Step 4: reduce index bloat

Indexing often improves when you stop asking Google to index everything.

  • consolidate near-duplicates
  • avoid pages that differ only by an ID

Step 5: when to use Request indexing

Use it for:

  • homepage
  • hubs
  • top pages (5–10)

Then wait 7–14 days and reassess.

Pitfalls

  • repeatedly requesting indexing instead of fixing signals
  • leaving boilerplate dominating above the fold
  • no hubs/related links (no site-level prioritization)
  • canonical drift across URL variants

Checklist

  • [ ] Canonical conflicts are resolved (user vs Google)
  • [ ] URL variants are normalized (slash/casing/params)
  • [ ] Cross-language duplication is handled (canonical/hreflang)
  • [ ] Above-the-fold is unique per page (not boilerplate)
  • [ ] Each page has at least one unique section (example/decision/pitfall)
  • [ ] Titles/descriptions are not templated
  • [ ] Category hubs exist and are linked prominently
  • [ ] Related links exist per page (3)
  • [ ] Thin/duplicate pages are consolidated
  • [ ] Request indexing is used only for hubs + top pages
  • [ ] Reassessment window is set (7–14 days)

FAQ

Q1. Why doesn’t “Request indexing” solve this?

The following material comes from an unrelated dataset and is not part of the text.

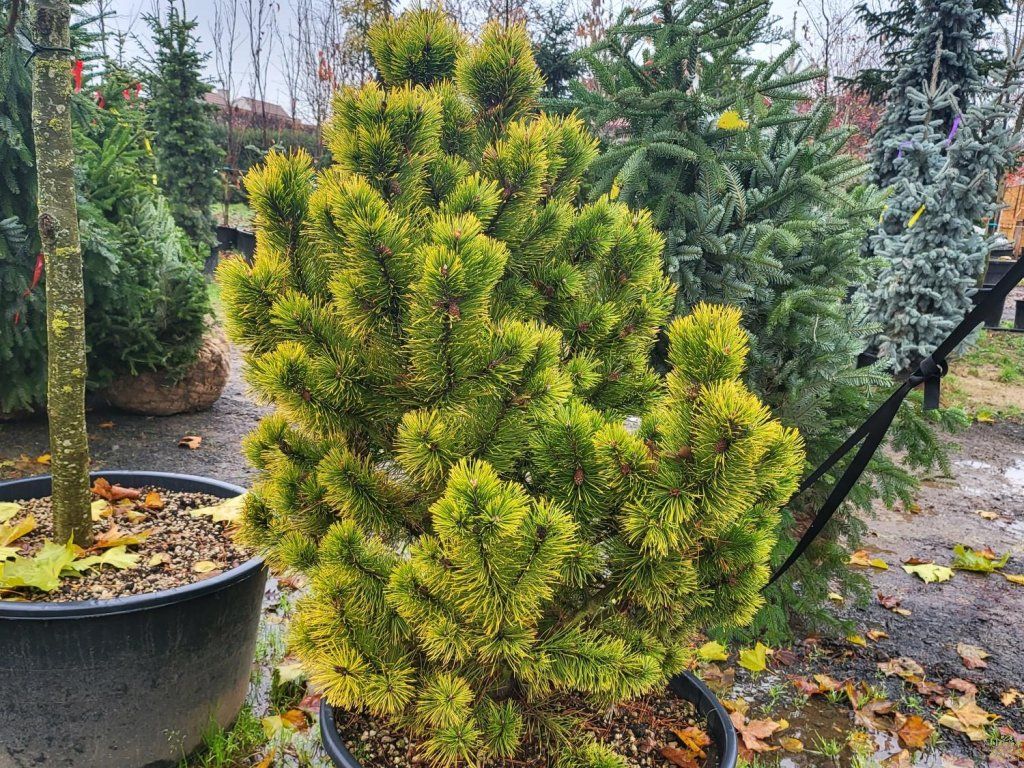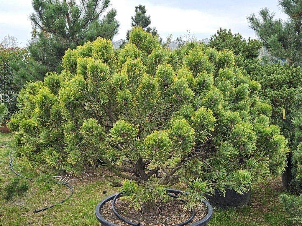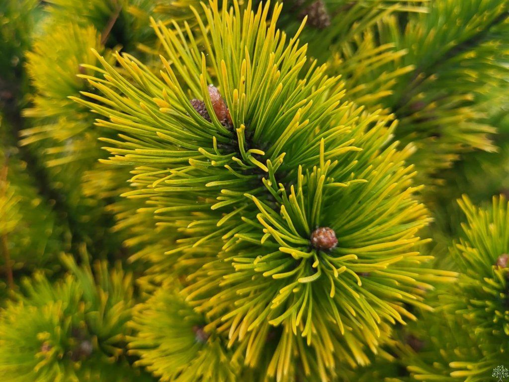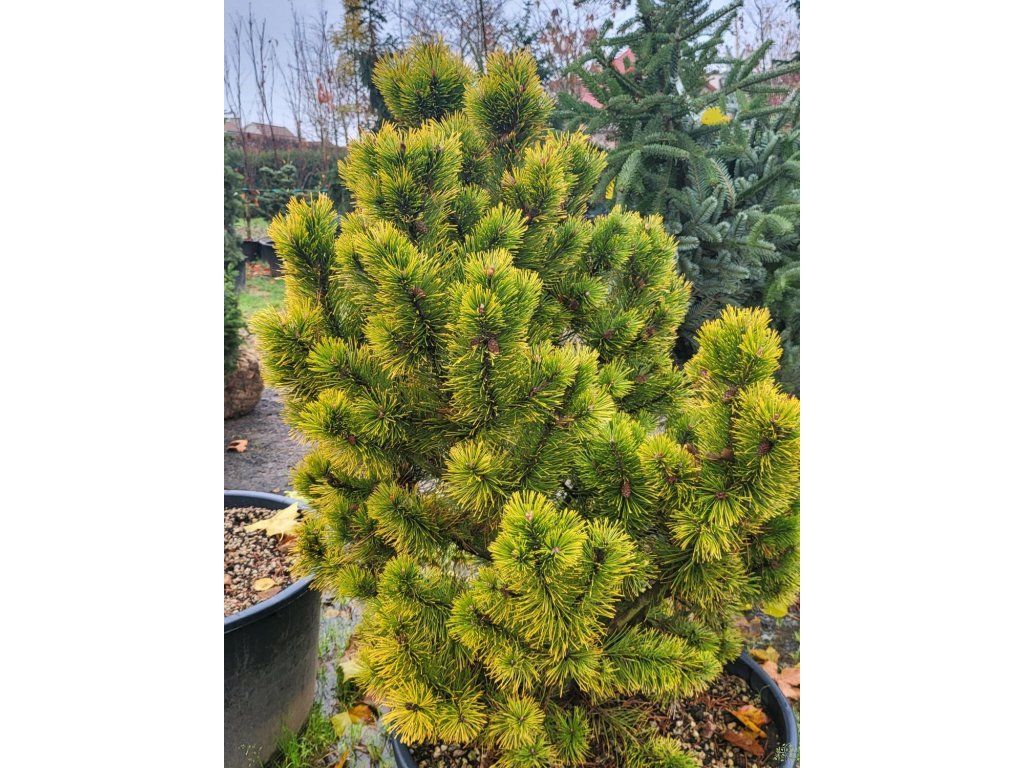 Bergkiefer 'Golden Glow' – Die Sorte 'Golden Glow' gehört zu den Zwergformen, die im Winter gelb sind. Sie wurde in den ersten zehn Jahren des 21. Jahrhunderts in Großbritannien auf den Markt gebracht und hat sich allmählich in europäischen Baumschulen und Gärten verbreitet. Unter unseren Bedingungen erreicht sie in 10 Jahren eine Höhe von ca. 0,8–1 m und eine Breite von 0,8–1 m, im Erwachsenenalter normalerweise etwa 0,8–1,3 m Höhe und 1–1,5 m Breite, je nach Standort und Boden. Sie bildet dichte, anfangs fast kugelförmige, später leicht kuppelförmige Sträucher mit verkürzten, teilweise hervorstehenden Ästen. Die Zweige tragen Büschel von zwei Nadeln, die ca. 4–6 cm lang sind und im Frühling und Sommer grün bis gelbgrün sind. Ab Mitte Herbst nehmen die Nadeln allmählich leuchtend goldene Farbtöne an und bleiben so bis zum frühen Frühling. Aus der Nähe ist eine feine Abstufung von helleren und satteren Tönen um die Endknospen zu erkennen, was der Krone den Eindruck eines zart beleuchteten, warmen „Scheins“ inmitten des Wintergartens verleiht. Zapfen erscheinen an niedrigen Sträuchern nur vereinzelt und haben in der Gartengestaltung eher eine dekorativ Bedeutung. Dank ihres kompakten Wuchses und ihrer ausgeprägten Winterfarbe wird die 'Golden Glow' als kleine Solitärpflanze in Steingärten, Heide- und Schotterbeeten, Vorgärten sowie in Kübeln auf Terrassen verwendet, wo sie dunkelgrüne Nadelgehölze, Gräser und trockenheitsliebende Stauden gut begleitet.

Because Google already crawled the page. The decision is about indexing priority and perceived value/uniqueness.

Q2. What’s the fastest fix for template-heavy sites?

Hubs + related links + unique above-the-fold intent per page. Micro-tweaks rarely beat structural fixes.

Q3. How do I tell if it’s a canonical problem vs a quality problem?

Use URL Inspection. If Google-selected canonical differs, fix canonical/normalization first. If canonicals match, focus on uniqueness and prioritization.

Disclaimer

Indexing is probabilistic. You can improve signals, but you cannot force Google to index every URL.